Ben Peek (benpeek) wrote,
Ben Peek

  • Music:

Touch of Evil.

on the weekend, i found a copy of orson welles' restored version of touch of evil.

i like this film. the fact that charlton heston is playing a mexican, a legitimate problem for some other people, has never bothered me. i think it adds something to the theme of the film: a mexican man, married to a white woman and, in the content of the film, more of a white man than the mexican gang he encounters. there's a sense that, no matter how much heston's character speaks about the mexican people, and doing what is right for them, and furthering their cause, that he, like his pristine blonde wife (janet leigh), is no longer really part of the mexican world. most certainly, he is not part of the world living on the border, where corruption finds and easy foothold, and orson welles, limping, emotionally scarred, and racist to his core, holds sway.

welles' hank quinlan is the centre of the film, and his relationship with his partner the tragedy. people might argue it--certainly you could, but for me, it's welles portrayal of a cop, who, outside his racism, is actually a likeable, oddly charming man. but that racism, that 'touch of evil' as it would be, is hooked deeply into quinlan, and it allows him to turn a blind eye to his moral compromises and even allows him to justify it. if not for heston's character appearing to confront welles, it's entirely possible that quinlan could have continued until his retirement.

in interviews, welles has said that quinlan is a character that is not meant to be sympathised with. if i remember correctly, he said he was totally reprehensible. but it's to welles credit that you never feel this as you watch touch of evil. there are moments, when quinlan is drunk, and talking about his dead wife, that the viewer can have sympathy for him. and, welles' own charm shines through the bulky form, infusing quinlan with a likable gruffness, and a complexity. as his partner says, "i'm an honest cop--who do you think made me that way?

hank quinlan."

essentially, welles' portrayal is not of a man who is steaming, ragging, full tilt evil. he doesn't froth at the mouth like, say, alan rickman whenever he plays evil. quinlan doesn't limp around and murder puppies, or sit there and talk about dominating the world, or even, keeping those mexican boys down. but his racism works throughout his character, just as, for heston's character, justice works through his, even if he is neglectful of his wife throughout the majority of the film. but therein lays the beauty of welles films: the moral ambiguity, the lack of a absolute right and wrong, of light and dark.

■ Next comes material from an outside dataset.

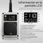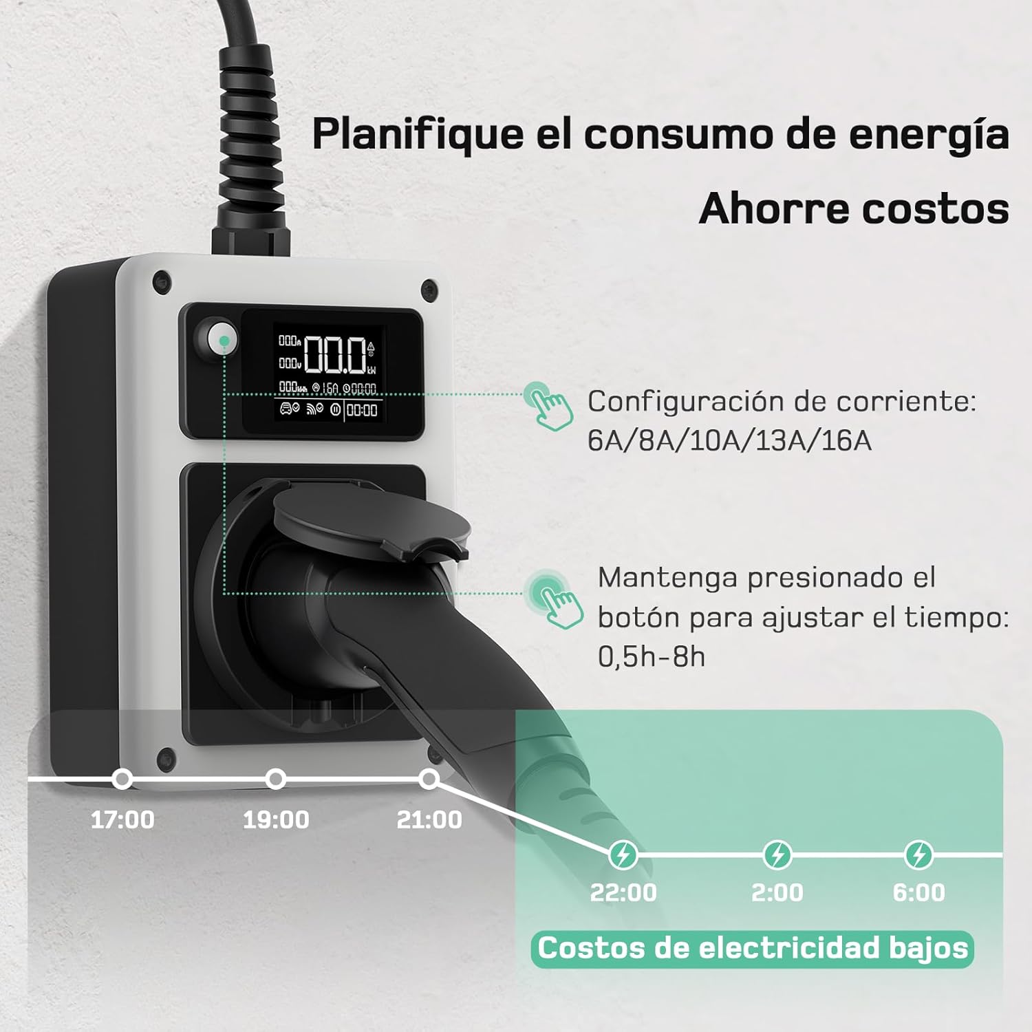 Corriente de carga ajustable: ajuste la corriente con solo presionar un botón (6A/8A/10A/13A/16A). El tiempo de carga retrasado se puede configurar manteniendo pulsado el botón (0,5 h-8 h). No es necesario realizar operaciones complicadas a través de la aplicación, la configuración se realiza directamente en el cargador.
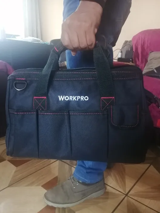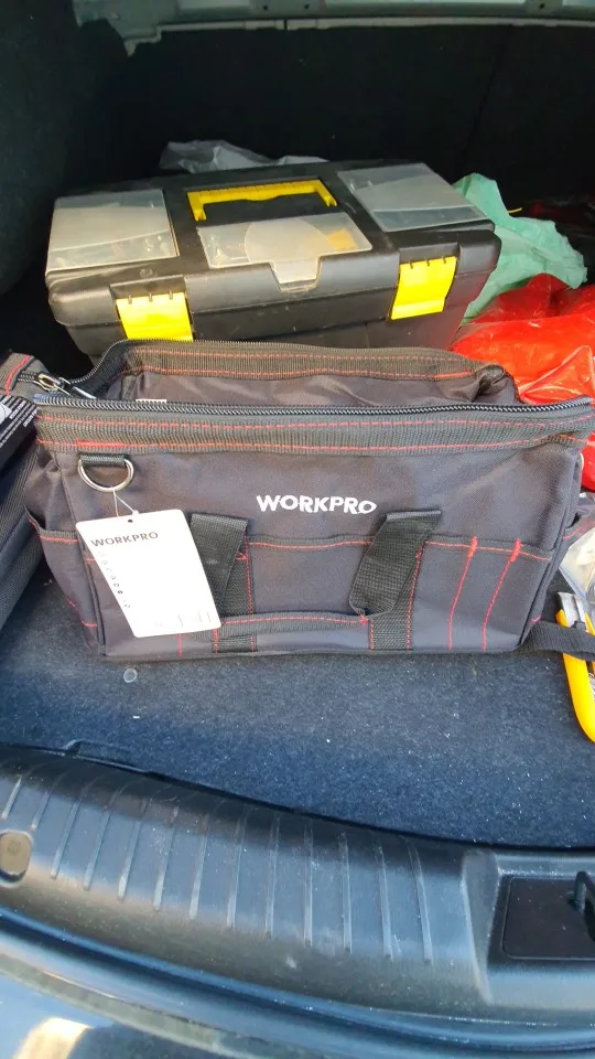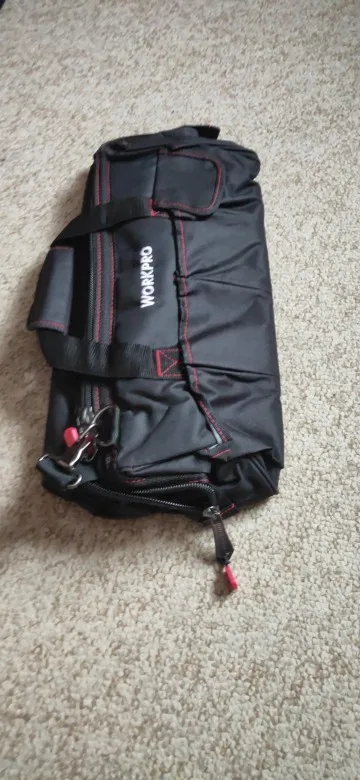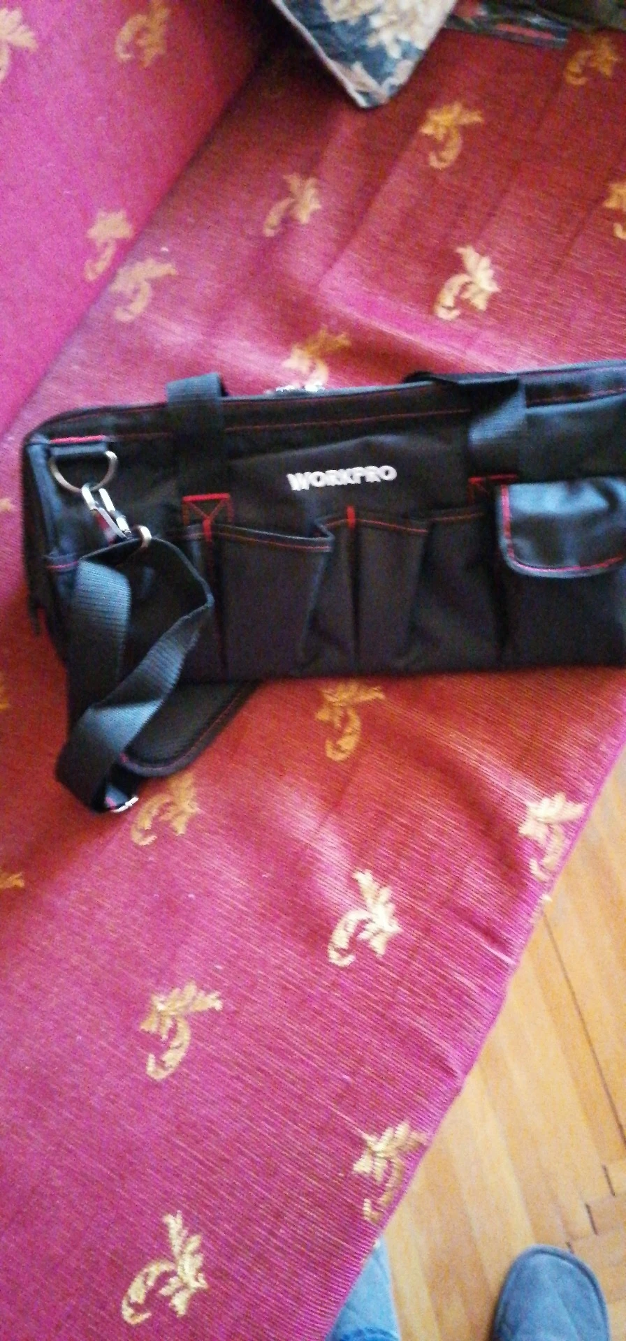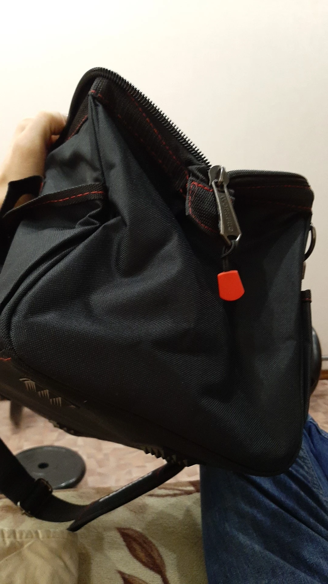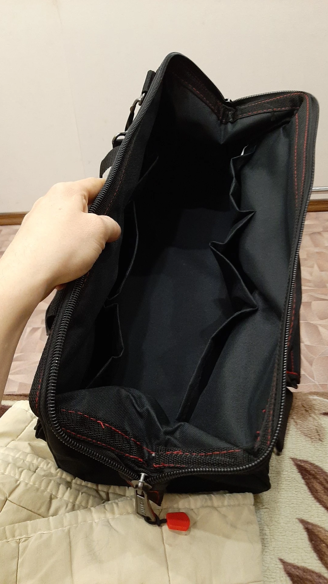 На последнем фото сумка с пластиковым дном. пришла с матерчатым. Сумка низковатая. отвёртки стоя длинные точно не влезут. Для ручного инструмента типа пассатижи и т.д норм, можно уровень и пару шаблонов закинуть. Мультик нормального размера тоже придется в кучу кидать.

of course, the restored version of touch of evil has a fine rhythm and visual pattern too it. it's hard to fault that opening scene or, in my mind, the beautiful final scenes, where friends confront each other, followed by marlene deitrich appearence. her words, just about the final lines of the film, remain one of my all time favourite pieces of dialogue:

"he was some kind of man... what does it matter what you say about people?"